Chapter 4 - Optimal Series Flashcards
Probe the following PROPOSITION:
G is soluble IFF all it’s composition factors are of prime order.
Proof:
If G is soluble then all it’s comp factors are soluble, as they are subgroups of quotients. But they are also simple, as they are composition factors. But then if H is any soluble simple group, we have H’ is normal in H and strictly less than H, so has to be 1 as H is simple. So H is abelian. And so it must have prime order by our classification if simple abelian groups.
Conversely, if all comp factors have prime order they are all cyclic and so simple and abelian. So G is soluble.
Define the derived series o a group. How is it useful for characterising soluble groups?
Set G’0= G, and then
Gi’=[Gi-1’, Gi-1’]. Then, Gi-1’charGi’ for all i, so by induction Gi’charG for all i. So they definitely form a normal series.
Then G is soluble IFF Gi’=1 for some i.
Proof:
Obviously G is soluble if some Gi’=1
Conversely, suppose G is soluble. Then we get a series Gj of length n which is abelian. By induction, we show Gi’0 then Gi+1’=(Gi’)’<Gn-i-1 since Gn-i/Gn-i-1 is abelian.
So in particular, The derived series is always the shortest abelian series.
What are the minimal normal subgroups of a soluble groups?
Any minimal normal subgroup of a soluble group is an elementary abelian p-group. Why?
Well let G be soluble, N it’s minimal normal subgroup. Then N is soluble and so it’s derived subgroup must be trivial, since this will be a normal subgroup of G (note N’charN, N◀G so N’◀G). So N is abelian. So N is a product of cyclic groups of prime power order. Then for any prime p dividing the order of N, set M to be all the elements in N of order p. Then this is a characteristic subgroup of N, and so is normal in G. But it is non trivial. So M=N.
Define the lower central series and the upper central series of G.

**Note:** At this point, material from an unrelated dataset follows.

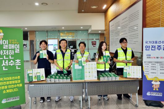 한편, 17일에는 김택수 선수촌장을 비롯한 임직원들이 선수식당 앞에서 '국가대표선수촌 안전보건경영방침'과 '훈련장 안전수칙'이 담긴 책자 및 열쇠고리 등을 배포해 구성원들의 안전의식 제고와 자발적인 참여를 독려했다.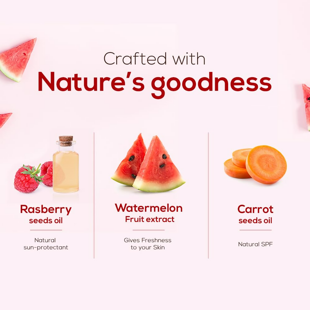 About the Product:- Superfood-powered protection: Skinella Watermelon Sun Screen harnesses the benefits of superfoods like watermelon and raspberry seed oil to naturally shield your skin from UV rays.

The lower central series is:
Γ1(G)=G,
Γi+1(G)=[Γi(G), G]
Then G=Γ1(G)▶Γ2(G)▶…
The upper central series is:
Z0(G)=1
Zi(G) is the subgroup of G such that Zi(G)/Zi-1(G) = Z( G/Zi-1(G) )
Then Zi-1(G)charZi(G) by induction and question on example sheet. So this gives a series for G if some j has Zj(G)=G
Proof the following proposition:
G is nilpotent
IFF Γn(G)=1 for some n
IFF Zn(G)=G for some n
Moreover, if G is any nilpotent group with a central series
1=G1◀…◀Gn=G then have:
Γn-i+1(G)<Zi(G)
And Γr-i+1(G)=1 IFF Zr(G)=G
If the lower central series terminates at 1 and/or the upper central series terminates at G then G is certainly soluble, as the second is obviously a central series as is the first after application of a lemma.
Now assume G is nilpotent, Gi a central series. So
Gi/Gi-1 < Z( G/Gi-1) and Gi◀G.
By induction on i we show:
Γi+1(G)=<Zi(G)
The obvious proof now does everything.
What is the nilpotency class of G?
Smallest integer n such that
Zn(G) =G
Outline the proof of the following classification of nilpotent groups:
G is nilpotent IFF G is the direct product of p-groups for various primes p.
First you prove that if G is a nilpotent group and H a proper subgroup, then H is properly contained in its normaliser in G. Do this using the upper central series to find an element in the normaliser of H NOT in H.
Then use the frattini argument to show that if P is any Sylow p-group, then taking the normaliser of P in G twice is the same as doing it once. So: let N=NG(P), then NG(N)=N. But by the first part, this means G=NG(P). So that, if G is nilpotent, then all Sylow p-groups are normal in G.
This is enough! As all Sylow p-groups then have direct product equal to G.